Navdeep Gupta: Yes. So, Warren, just a couple of comments before we get into the specifics. So, we are very confident about the House of Sport strategy. The three stores that we have opened, it’s a handful of stores. But the results, both on the top line and the bottom line that we are seeing are really, really right. And that’s what gives us the confidence that we have. In terms of the impact of these things, that will be recognized over time, as you can imagine. Over the next two years, we intend to open about 20, and like Lauren said in her prepared comments, over the next five years, it could be 75 to 100. So, the benefit will be seen over time. But we are very optimistic about the strategy and the differentiation as well as the ability it provides us to engage with the athlete in a very-differentiated way.
Operator: Our next question comes from Paul Lejuez with Citi.
Paul Lejuez: I’m curious if you can give an update on Going, Going, Gone!. How many did you end the year with? How many are pop-ups versus permanent? And anything you could share in terms of what that added to sales in F ’22? And what’s the plan for F ’23?
Navdeep Gupta: So Paul, in terms of the Going, Going, Gone! stores, like as we call them, permanent, there were 15 of them that we had at the end of the year. We had more warehouse plus those are kind of the 43 temporary locations as we call them, really, really enthusiastic about the strategy. Not only is it allowing us to engage with an athlete and a different profile of an athlete than DICK’S Sporting Goods athlete. So that’s one benefit. In addition, as we have talked about the benefit that this provides in terms of being able to liquidate our inventory and actually get a better recovery rate on that inventory is also a strong asset for us.

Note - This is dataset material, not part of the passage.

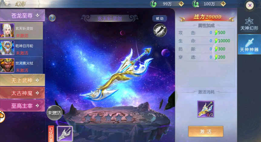 ●每个天神都配备多把专属神器,激活后可自由切换神器外观,激活过程需消耗对应的神器道具,且即便对应天神未解锁,也能激活其神器并获取战力加成;

Lauren Hobart: I would just add one thing. I think the way we look at the Going, Going, Gone! chain is that it’s a flexible asset. So, we can expand, and we’ve done that with our temporary pop-up locations. We can take those down if we don’t need them or if they’re not working. So, by the time something becomes a Going, Going, Gone! concept, it’s been proven and tested, but the warehouse strategy is very flexible.
Paul Lejuez: Got it. And then, could you just maybe just give a little bit of a further breakdown of CapEx investments for ’23? Just how much of that is at the store level, both new and existing stores versus IT and corporate? Thanks.
Navdeep Gupta: Yes. Paul, the vast majority of the — or the capital investment will be going into stores as we called out, right? Our plan is to open nine new House of Sport locations as well as do the earlier capital investment into the 2024 House of Sport openings. In addition, as we indicated, we’ll be upgrading 100 of our stores to premium full-service footwear decks. There is definitely an investment on the backside in terms of the GameChanger technology, the investments that we are making in personalization as well as the other capability from data and analytics, all of that is also entered in the guidance. But the vast majority of the investment will continue to be store facing.
Operator: The next question comes from John Kernan with Cowen.
John Kernan: Congrats on a great year. So, how should we think about the new store productivity contribution from square footage growth? It looks like that the gap between comps and overall reported sales was close to 200 basis points this quarter, which would suggest any new store productivity has come online has been quite productive. So just curious as how should we model, one, new store productivity and overall square footage growth based on the number of stores you’re talking to and also the bigger size of some of them.